Riyadh turns the Economic Screws
MbS’s break with Abu Dhabi is not an emotional reaction, but a calculated strategy to reposition the kingdom as the Gulf’s sole center of gravity. Riyadh is pursuing four parallel tracks: economically, by diverting capital and investment flows from Dubai to the Saudi capital; politically, by redefining the GCC and co-opting Oman and Kuwait to reduce Emirati influence; militarily, by opening direct channels with actors like Iran, Syria, and the Ansarullah-led government in Yemen, bypassing UAE-linked intermediaries; and symbolically, by framing Saudi Arabia as a ‘big state’ leader, in contrast to what it portrays as Abu Dhabi’s ‘small functional state’ model. If the military and political showdown remains the economic war is out in the open.

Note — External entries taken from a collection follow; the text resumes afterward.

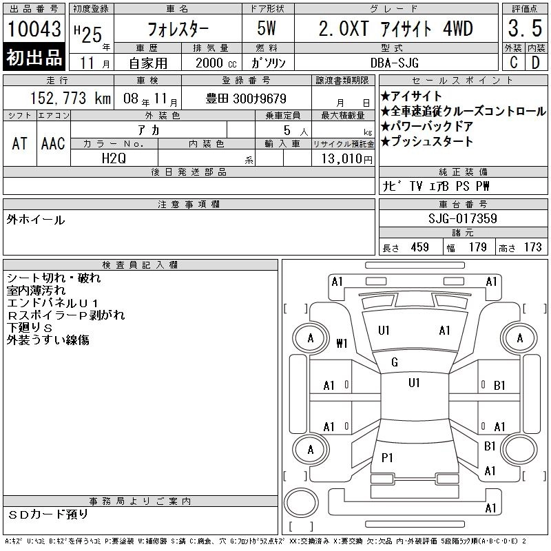 Год выпуска2013 Пробег 153 000 км КузовSJG Комплектация2.0XT EYESIGHT 4WD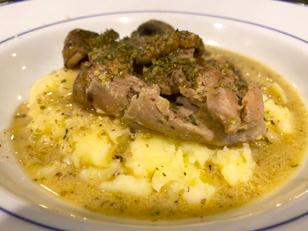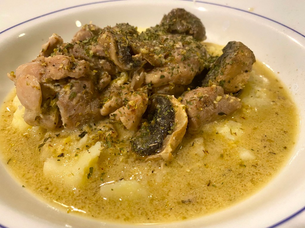 I served the chicken and sauce over mashed potatoes, but you could use noodles, rice – or even just enjoy it without nothing else!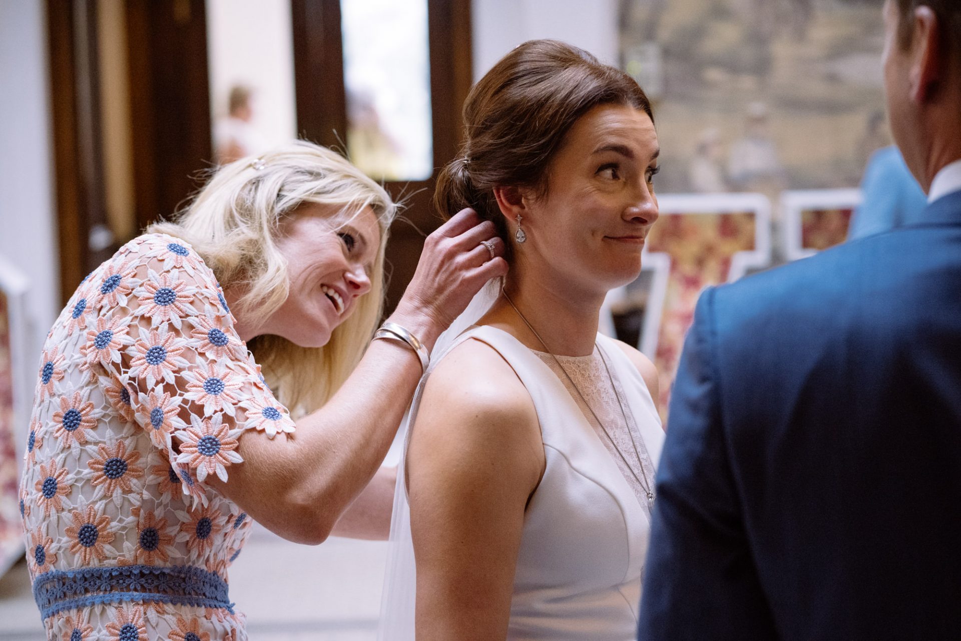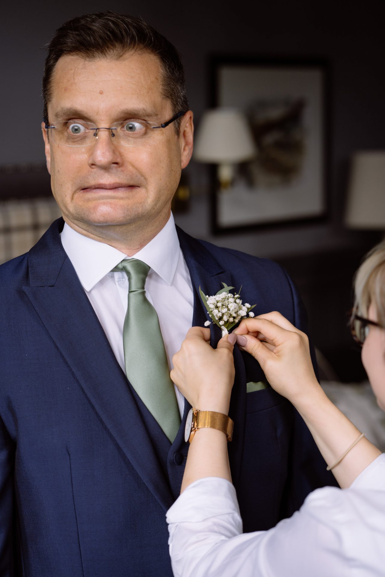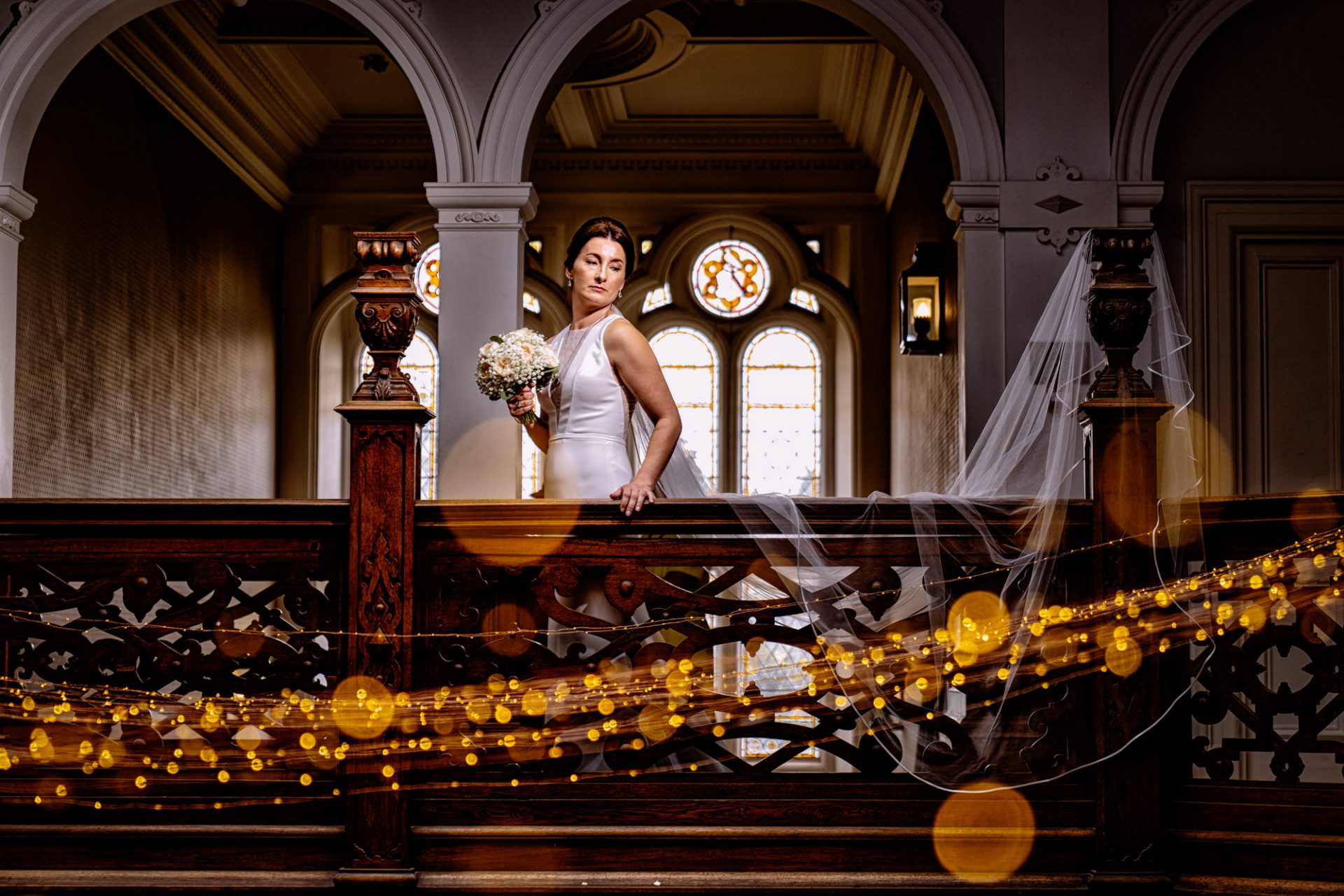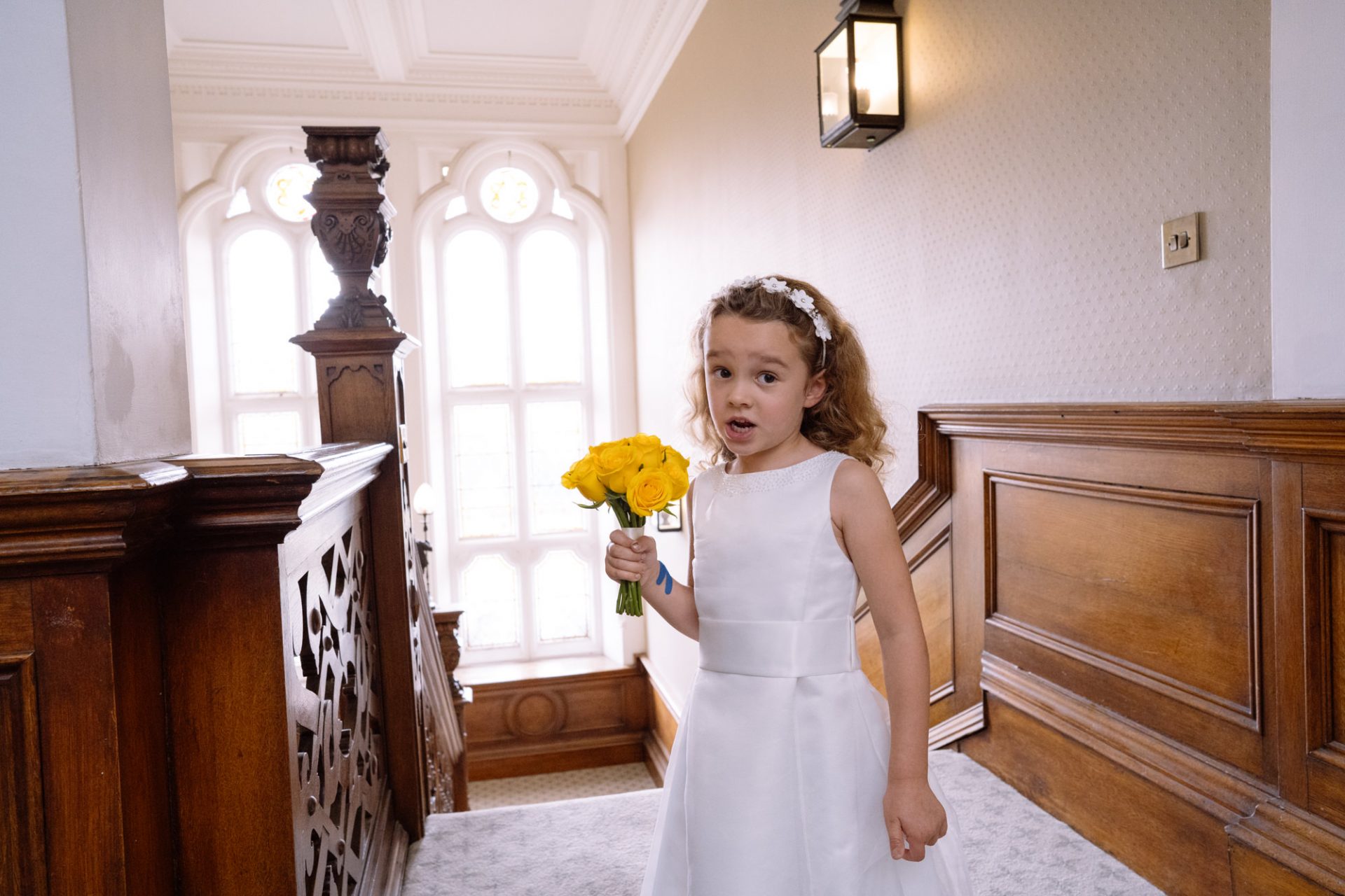 Myself and Matt work well together, I shoot documentary images and help light the wedding portraits. Consequently, I found myself holding a pole with Matt’s flash lighting on the end high above Zuzanna in Clevedon Hall’s library. This would produce a ‘Hollywood style’ lighting effect inkeeping with Matt’s style of photography. Matt was chatting away to Zuzanna and James as is his usual way, putting them at their ease whilst snapping off a few shots. My arms began to feel like two lead weights and were starting to shake. Howerver, Matt was still chatting and snapping. Luckily it wasn’t too long before we had the shots we wanted. Subsequently, I was happy to see that Zuzanna was over the moon with her images.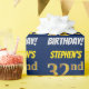Este diseño de papel envolvente incluye un mensaje como "¡EL CUMPLEAÑOS 32 DE STEPHEN!", en el que el "32" tiene un aspecto de color falso/imitación dorado, y con el nombre y el "CUMPLEAÑOS" en un tipo de letra divertido y audaz. El nombre es personalizable y el fondo es azul. El envolvimiento de papel como este podría ser usado cuando se le dan regalos de cumpleaños a alguien en celebración de su 32 cumpleaños. [~Z0000209]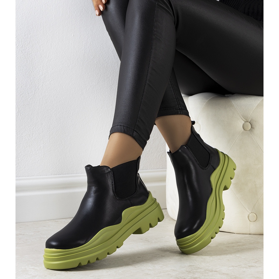 Inna marka Svarta stövlar på den gröna Tausel-plattformen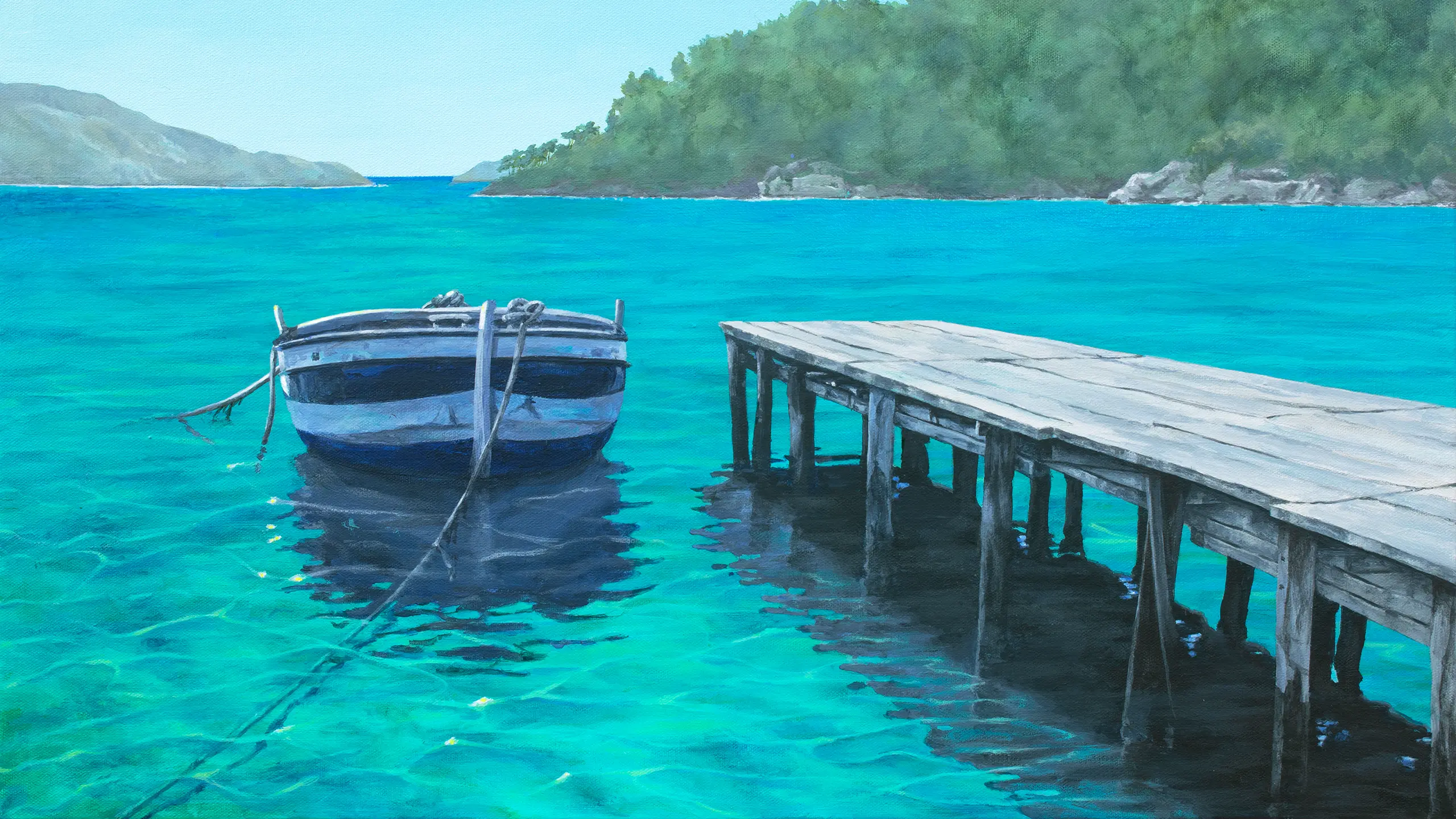 I love the vivid colours of the houses and boats of Greece and also the amazing light and beautiful shades from the Mediterranean which I try to reflect in my paintings. Cobolt Turqouise is my favourite colour in my palette!

Saudi Arabia has begun a quiet but devastating economic move from the UAE – with $26.6 billion pulled out, representing a major share of Emirati foreign investment. Saudi companies have been instructed to pull back and tourists to the UAE are going to new destinations, and this is trending on social media. Since Saudi tourists form the backbone of Emirati tourism – registering 1.9 million visitors in 2024 – any decline in this number would deal a direct blow to Dubai and Abu Dhabi. Trade flows are also slowing. Multinational firms are hedging their bets, fearing Riyadh will squeeze the UAE out of Gulf commerce. Saudi policy aims to displace Dubai as the Gulf’s financial hub by redirecting investment, trade, and capital into Riyadh – stripping the UAE’s intermediary role in the era of Vision 2030.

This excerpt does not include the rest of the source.